Brooke: How can listeners get involved in the Centre and find out more about the work that you are doing?
Julian: Oh sure! Very happy to encourage people to get involved and there’s lots of ways to connect through our website which is www.admscentre.org.au we’ve got a monthly newsletter which lists all our events, many of them open to everybody to the public and everyone of course, and we’re very keen for people to register for those. Almost all our events I think are free of charge for the public, so lots of talks and webinars, all of those kinds of things and as we go along, we plan to have a wider range of activities including exhibitions and more creative sorts of activities there are a whole range of talks which we’ve recorded on our YouTube channel, so encourage people to take a look at that, and of course we encourage people to follow us on Twitter and Instagram and Facebook and elsewhere. We’ve got a great series of podcasts here and this is a really great way to hear a little about more what people are doing and get a little bit more detail about some of the issues that we’re working with. So, all of those are really good ways for people to keep in touch with the centre, we’ve got an adms@rmit.edu.au were you can get in touch and you can also get in touch by the website, so for anybody wants to know more that’s coming, please do just contact us and we’re very happy to follow up.

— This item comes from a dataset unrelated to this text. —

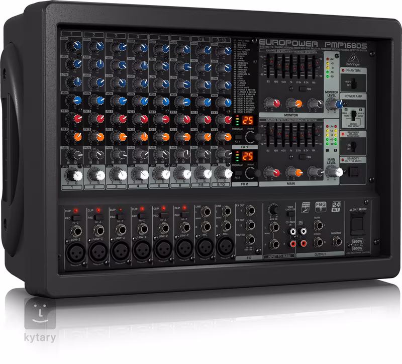 Der Behringer PMP1680S ist ein Mischpult mit Verstärker, zehn Kanälen, doppelter Effekteinheit und Rückkopplungsfrequenzerkennung. Der Verstärker der Klasse D bietet eine Leistung von 1600 W, sodass dieses Mischpult die ideale All-in-One-Lösung darstellt.
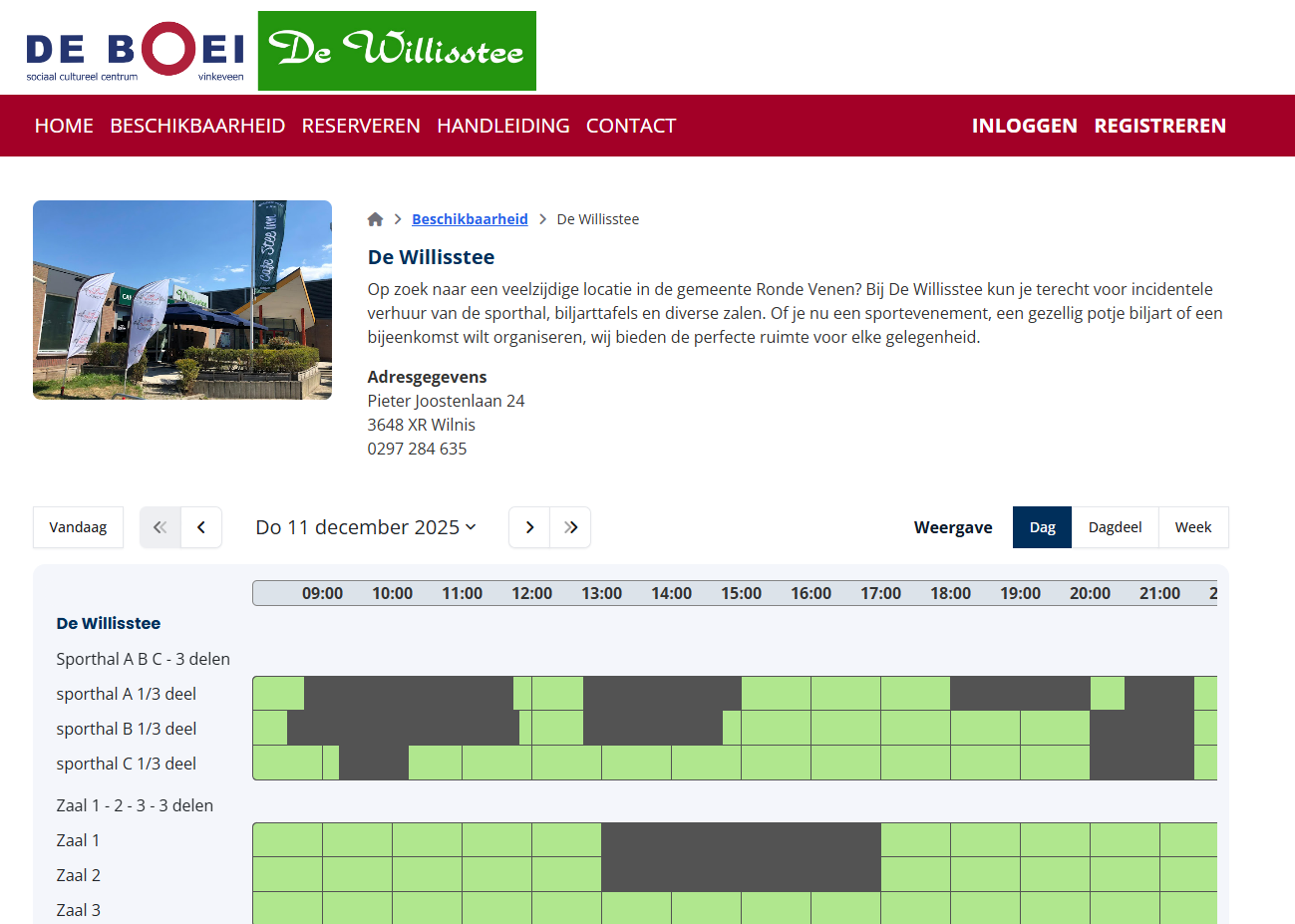 Wil je weten welke zalen er vrij zijn? Vanaf nu is de beschikbaarheid van alle ruimtes in De Willisstee direct online te zien. Is er een geschikte zaal beschikbaar? Dan kun je meteen een aanvraag indienen.

Brooke: I think often we just accept automation of systems as something that will streamline transactions and online experiences however as you mentioned they are not just technical and there also social, cultural, and institutional considerations.
Thank you for joining me Julian, and talking about some of the potential issues that the Centre are researching to ensure that the future of automated decision-making is responsible, ethical and inclusive.
Julian: Thank you, Brooke, for a great discussion.